External Database Hostname

Note that this file also includes a hostname, but this is the internal hostname – you’re looking for the external hostname. This you will need to get from your hoster’s admin panel, usually where MySQL databases are managed. Check your hoster’s support section if you get stuck.

Access permissions

MySQL databases are sensitive to hacking attacks, which is why they usually aren’t accessible to just any visitor – even if she has the correct access information. You will probably need to set allow an access permission to your database and user from the IP address R is running on (“whitelisting”). This is also done via your hoster’s admin panel. Check your hoster’s support sections for more info. (Note: Some hosters are stricter and don’t allow any access except via SSH tunnels. podlover doesn’t provide that option yet.)

Prefix of the Table Names

Finally, you might need to check if the tables name prefix in your WordPress database corresponds to the usual naming conventions. Most WordPress installations start the tables with wp_, but sometimes, this prefix differs (e.g. wp_wtig_). For starters, you can just try to use the default prefix built into the function. If the prefix is different than the default, you will get an error message.

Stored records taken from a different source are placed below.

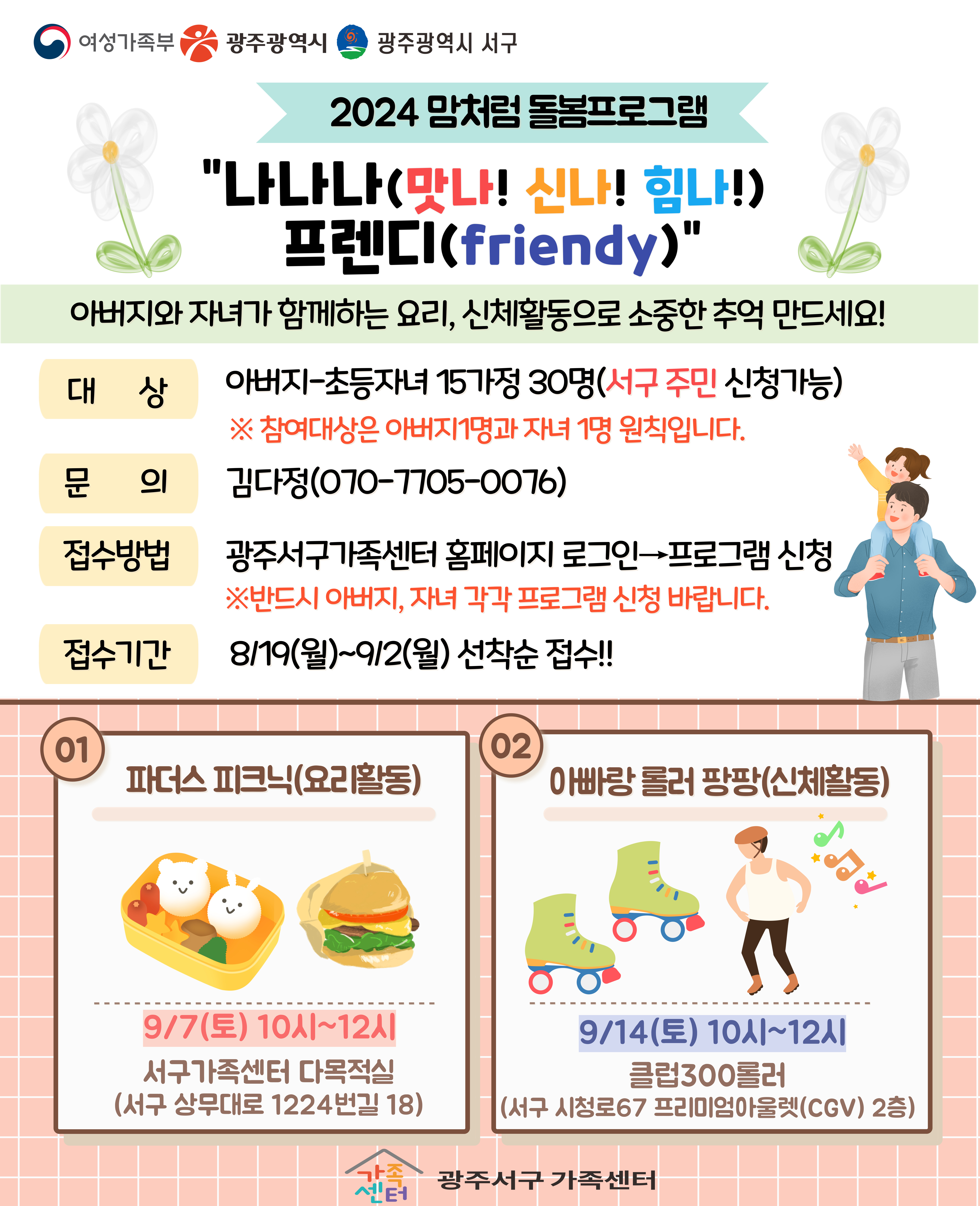 home 맘편한 내★일, 광주아이키움2.0 결혼·임신·출생 영유아 초·중·고 다양한 가족 일생활균형 커뮤니티 아동돌봄지원 소통방 나눔방 광주 아이키움 상담방 돌봄정보방 성폭력 피해 상담 및 사건지원 공지사항 우리동네 돌봄정보 기관별 공지사항 [광주서구가족센터] 아버지-자녀가 함께하는 요리활동, 신체활동 프로그램 참여하세요~!! 등록일 : 2024-08-19 16:01 작성자 : 서구가족센터 조회수 : 63 https://gjseogu.familynet.or.kr/center/lay1/program/S295T322C451/recruitReceipt/view.do?seq=169486 목록
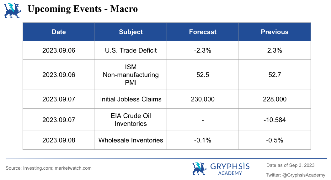 过去一周,加密货币市场经历了波动不定的情况,主要是由于 Grayscale 的新闻以及所有申请者 Spot 比特币 ETF 决定的推迟。市场最初上涨,但随后下跌,BTC 和 ETH 都低于其周开盘价收盘。与此相反,股票市场正在回升,SPX 和 NAQ 连续第二周呈现出正面表现。展望未来,下周值得关注的重要事件包括美国贸易逆差、ISM 非制造业 PMI、初请失业金人数、EIA 原油库存以及批发库存的数据发布。
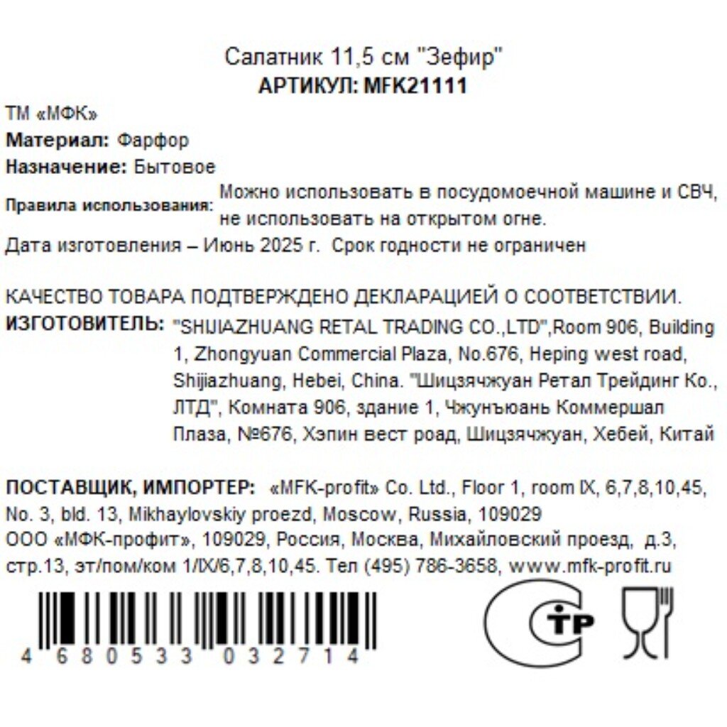 Вы можете приобрести «Салатник фарфор, круглый, 11.5х6 см, 0.3 л, Зефир, МФК, MFK21111» и другие товары в нашем интернет-магазине в Клинцах по низким ценам и с бесплатным самовывозом.
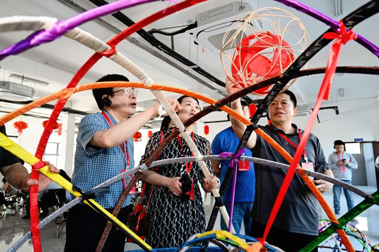 在“滾燈”文化公園,記者團(tuán)親身感受了一把“潮鄉(xiāng)”的“滾燈”藝術(shù)的魅力?!皾L燈”源自江南一帶的民間節(jié)日慶典,融合了舞蹈、技巧與體育精髓,愛(ài)好者展示給記者們的金港村“滾燈”,其制作工藝之考究讓大伙都嘖嘖贊嘆。
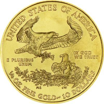American Liberty, zlatna kovanica od 1/4 unce (7,77 čistog zlata). Izrađena u čistoći zlata .916 (22K).
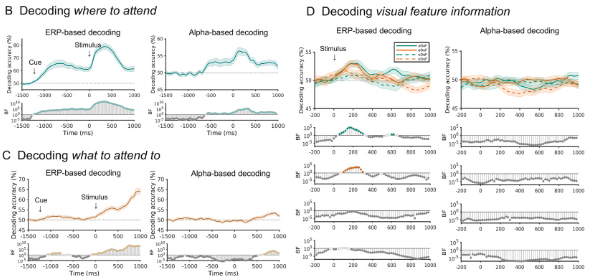 圖1C所示,ERP和α能量也可以很好地編碼注意什么(注意顏色vs.方向)的信息。刺激開始后,基于ERP的解碼準(zhǔn)確率逐漸上升,并持續(xù)增加至結(jié)束;而基于α的解碼在提示呈現(xiàn)結(jié)束以后才開始。
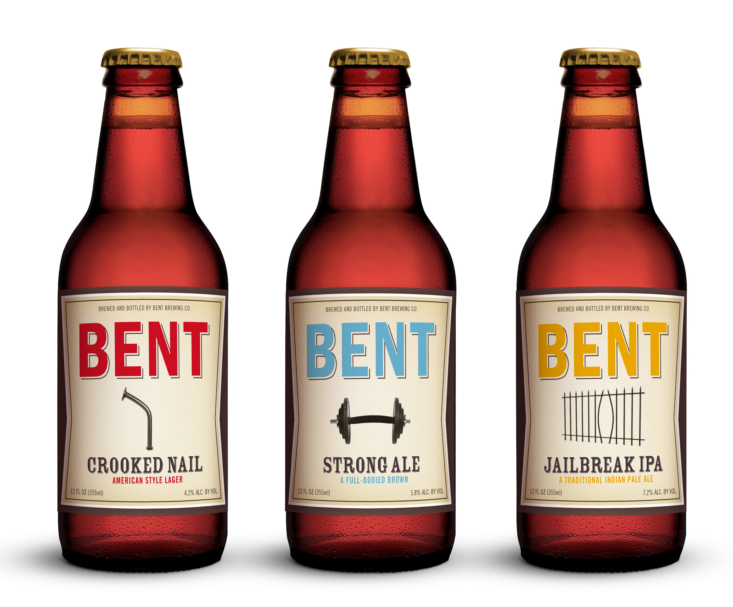 Bent Brewing Company, a newcomer to the craft brew market, needed a look that would stand out on the shelves. Altitude conducted hours and hours of very enjoyable research before leveraging common items such as a nail and a barbell to communicate the Bent brand.
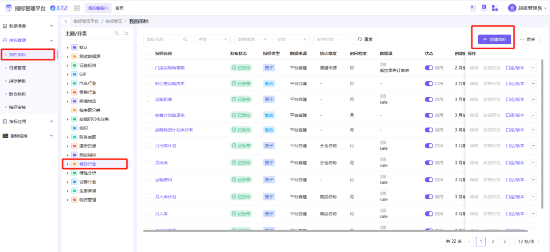 登录数智云·智能指标管理平台,进入“我的指标”,选择“餐饮行业”的主题,点击右上角“创建指标”的按钮,开始创建原子指标。
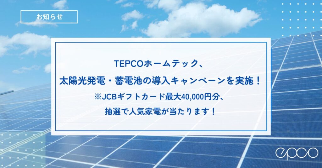 TEPCOホームテック、太陽光発電・蓄電池の導入で、 JCBギフトカード最大40,000円分進呈、抽選で人気家電が当たるキャンペーンを開催
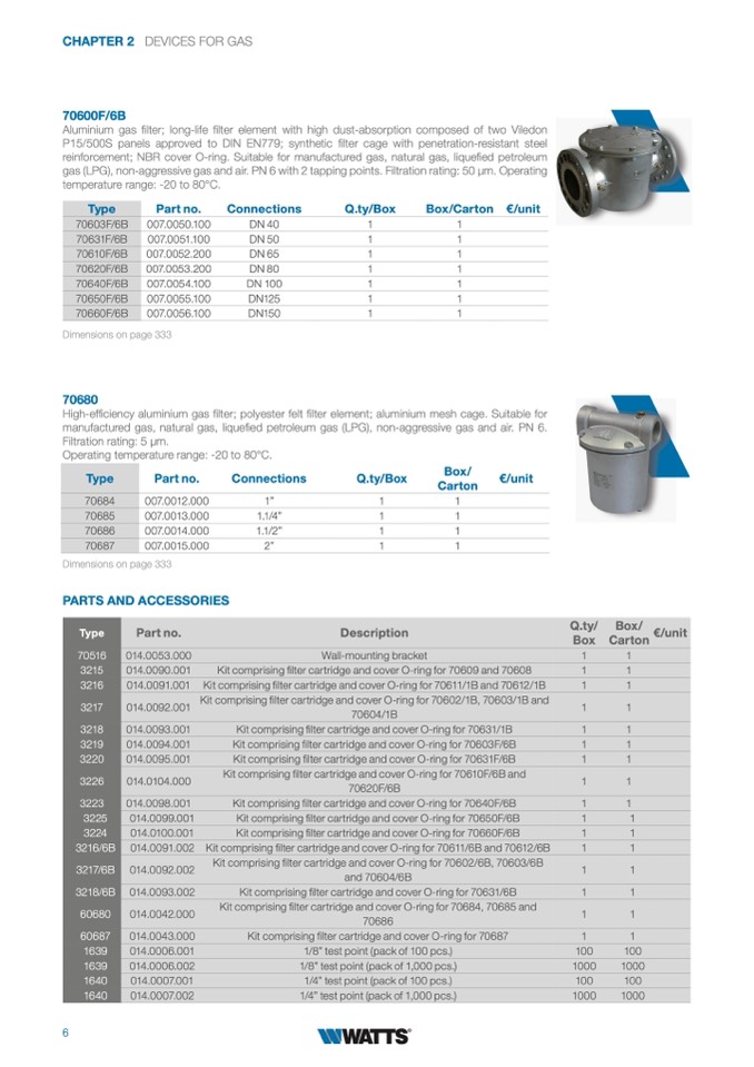 gas (LPG), non-aggressive gas and air. PN 6 with 2 tapping points. Filtration rating: 50 μm. Operating
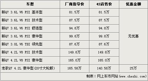 2009年9月4日,一汽-大眾奧迪銷售事業(yè)部宣布新奧迪Q7正式上市,在原有3.6 FSI、4.2 FSI兩款汽油直噴發(fā)動機(jī)基礎(chǔ)上奧迪首次將全球領(lǐng)先的3.0 TDI渦輪增壓柴油直噴發(fā)動機(jī)引入中國,使新奧迪Q7形成了包括3種排量7款車型的強(qiáng)大產(chǎn)品陣容,價格區(qū)間為81.5至165萬元。近日,奧迪Q7全系出現(xiàn)了最高25萬元的優(yōu)惠,具體價格行情請看下表:
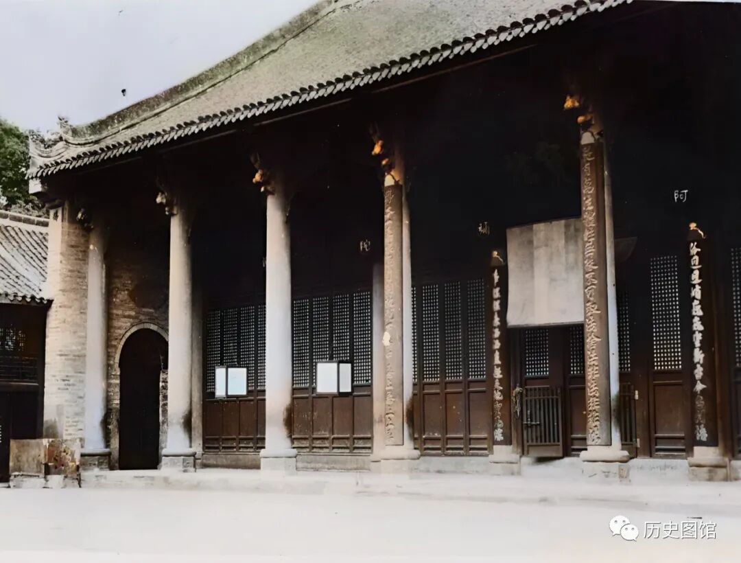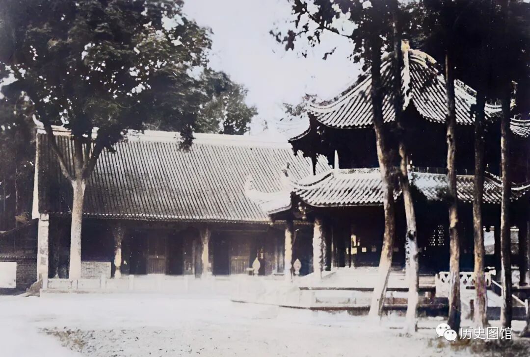 30年代,位于成都的刘备惠陵景象。这是寝殿,建筑面阔三间,宽11米,进深8米,灰青筒瓦屋顶,建筑简朴庄严。殿内高悬清人马维骐所书“千秋凛然”四字匾额。
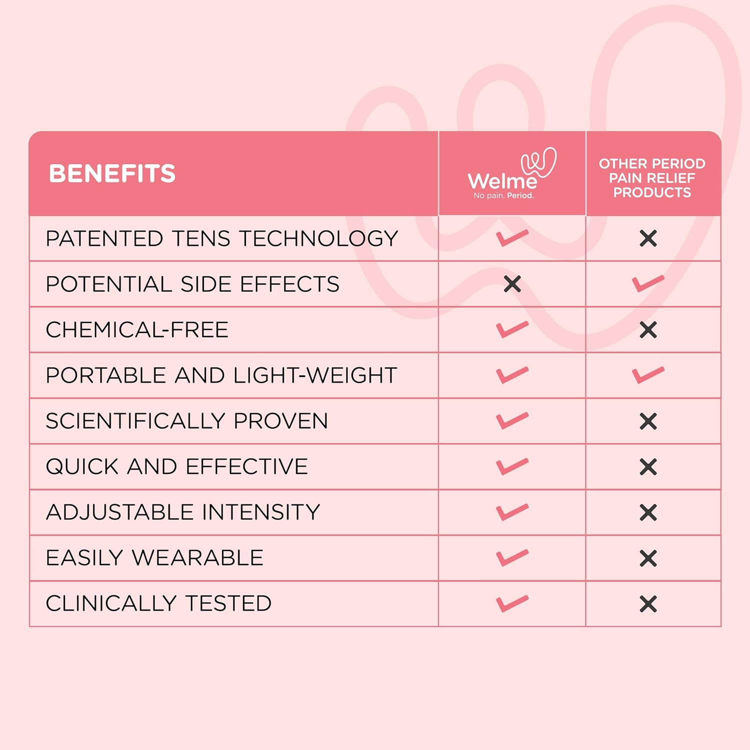 CLINICALLY PROVEN DEVICE: Welme’s efficacy and safety have undergone rigorous examination through clinical testing. These trials aim to ensure that the device functions as intended, effectively providing relief from period cramps through its TENS technology. Welme is a clinically proven and tested device for you and your loved ones.
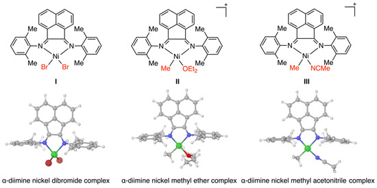 As reported in the previous study [28], the ethylene polymerization was catalyzed by α-diimine Ni catalysts. The α-diimine nickel dibromide complex I, the cationic and α-diimine nickel methyl ether complex II, and the nickel methyl acetonitrile complex III were regarded as the initial Ni complexes and active cationic active species, and thus were optimized by DFT calculations (Figure 4). Optimized structures exhibited distinct geometrical characteristics, where the Ni(II)Br2 complex I showed tetrahedral conformation while the Ni(II)(OEt)2 cationic complex II and the Ni(II)(MeCN)+ cationic complex III exhibited square planar conformations. Based on these optimized structures, ethylene polymerizations were investigated computationally in detail as follows.
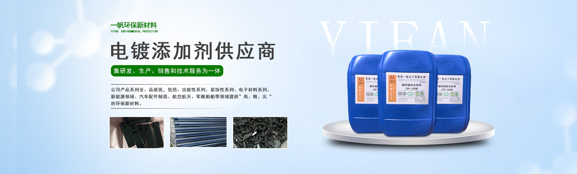 青島一帆環(huán)保新材料有限公司主營酸鋅載體、堿鋅中間體等一站式電鍍添加劑服務(wù)商!
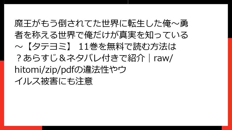 『魔王がもう倒されてた世界に転生した俺~勇者を称える世界で俺だけが真実を知っている~【タテヨミ】』は、魅力的なストーリーとキャラクターで多くのファンを惹きつける人気のタテヨミ漫画です。しかし、この漫画をraw、hitomi、zip、pdf、漫画バンクなどの海賊版サイトで読むことは、重大なリスクを伴います。この記事では、こうした海賊版サイトを利用することの危険性を、法的、倫理的、技術的な観点から詳しく解説します。以下では、具体的なリスクを項目ごとに掘り下げ、なぜ正規のプラットフォームを利用すべきかを明らかにします。
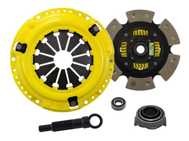 HC5-SPG6 kit features a Sport pressure plate for a nice upgrade. ACT Sport pressure plates use exclusive diaphragm design to increase clamp load, reduce deflection and maximize clutch life. All diaphragms endure a four-stage, heat-treating process for unparalleled performance. ACT pressure plates have precision cover stampings to provide rigidity and consistency. ACT's 6-pad, spring-centered race disc features a spring-center construction to properly damp torsional vibrations and resist failure under harsh conditions. ACT spring retainers utilize wraparound spring windows and thicker retainer stampings to provide spring support, reduce stress concentrations, and increase strength and reliability. With the 6-pad, spring-centered race disc, engagement is harsher, but shifting is faster. The 6-pad, spring-centered disc is recommended for larger clutch sizes to absorb more heat.
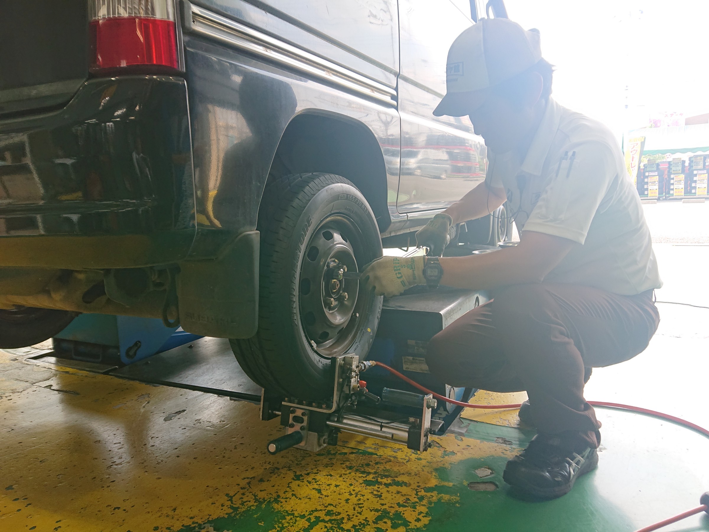 取り付けは、タイヤ館のお家芸「センターフィット」で
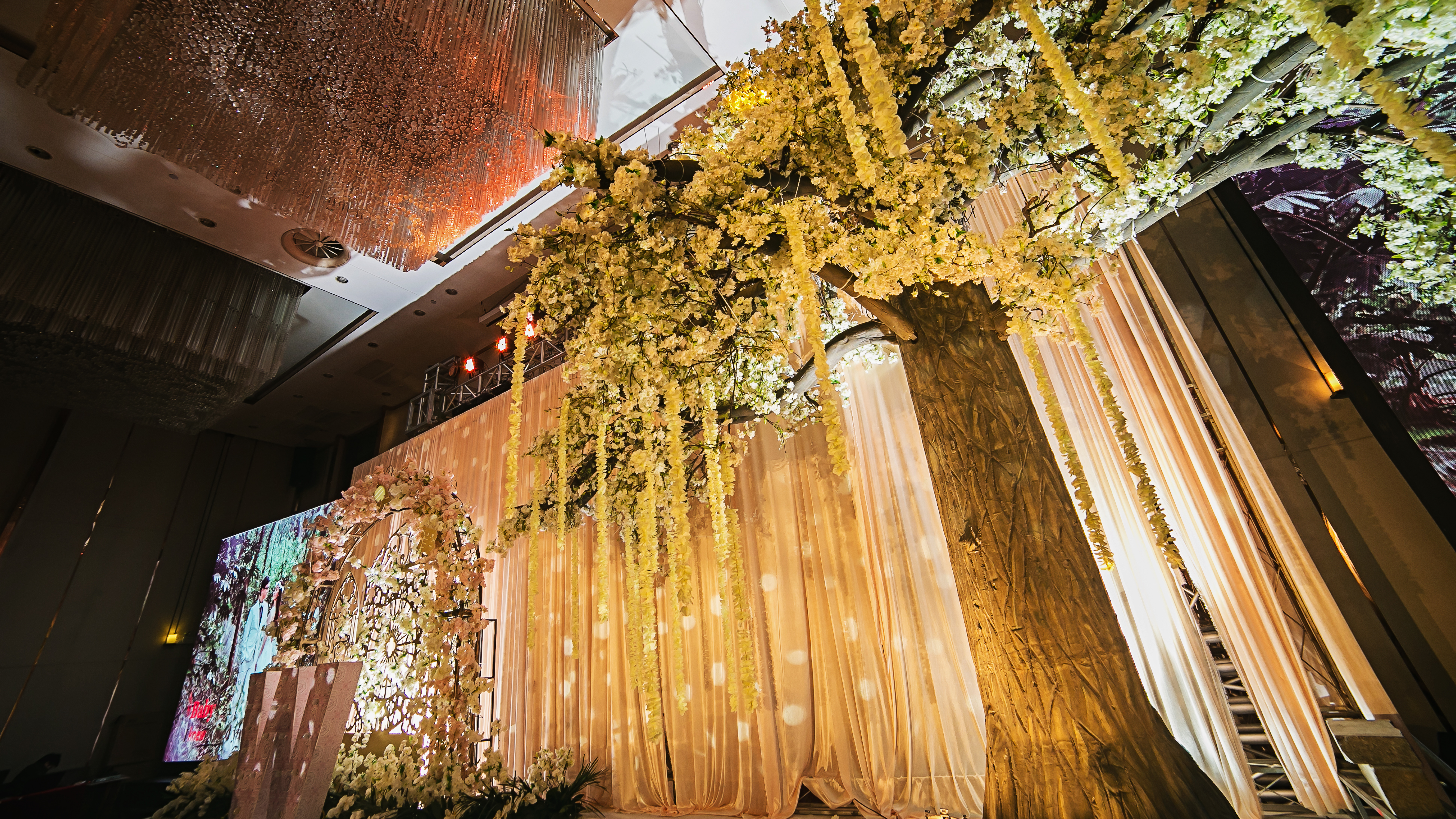 用作婚礼上半场仪式和舞台区渲染仪式效果,带来浪漫气氛,也用作婚礼仪式流程。
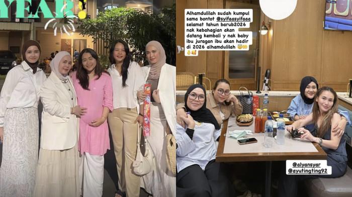 “Alhamdulilah sudah kumpul sama bontot @syifaasyifaaa selamat tahun baru 2026 nak kebahagian akan datang kembali y nak baby ibu juragan ibu akan hadir di 2026 alhamdulilah, “ tulis Umi Kalsum dilansir menggapaiasa.commelalui Instagram @mom_ayting92_, Jumat (2/1/2026).

If that’s the case, access your hoster’s MySQL management tool (e.g. phpMyAdmin, PHP Workbench), open your database and check if the tables are starting with something else than just wp_... and write down the prefix. You can of course also use a locally installed MySQL tool to do so (e.g. HeidiSQL).

Downloading the data

Once you gathered all this, it’s time to access your data and store it to a data frame:
download_data <- podlove_get_and_clean()
Four input prompts will show up, asking for the database name, user, password and host. You have the option to save these values to your system’s keyring, so you don’t have to enter them repeatedly. Use ?rstudioapi::askForSecret to learn more about where these values are stored or ?keyring to learn more how keyrings and how they are used within R. After entering the information, you should see something like this:
connection established
fetched table wp_podlove_downloadintentclean
fetched table wp_podlove_mediafile
fetched table wp_podlove_useragent
fetched table wp_podlove_episode
fetched table wp_posts
connection closed

Troubleshooting

You might also get an error message, meaning something went wrong. If you see the following error message…
Error in .local(drv, ...) : 
  Failed to connect to database: Error: Access denied for user 'username'@'XX.XX.XX.XXX' to database 'databasename'
…then the function couldn’t access the databse. This means either that there’s something wrong with your database name, user name, password or host name (see sections “Database name, user name, password” or “External Database Hostname” above) Or it could mean that access to this database with this username is restricted, i.e. your IP is not whitelisted (see “Access Permissions” above). If you can’t make that work, you’re only option is to download the tables yourself (see “Working with Local Table Downloads”). If your error says…
connection established
Error in .local(conn, statement, ...) : 
  could not run statement: Table 'dbname.tablename' doesn't exist
…this means you were able to access the database (congrats!), but the table names/prefix are incorrect. Check your table name prefix as described under “Prefix of the table names” and try again while specifying the prefix:
download_data <- podlove_get_and_clean(tbl_prefix = "PREFIX")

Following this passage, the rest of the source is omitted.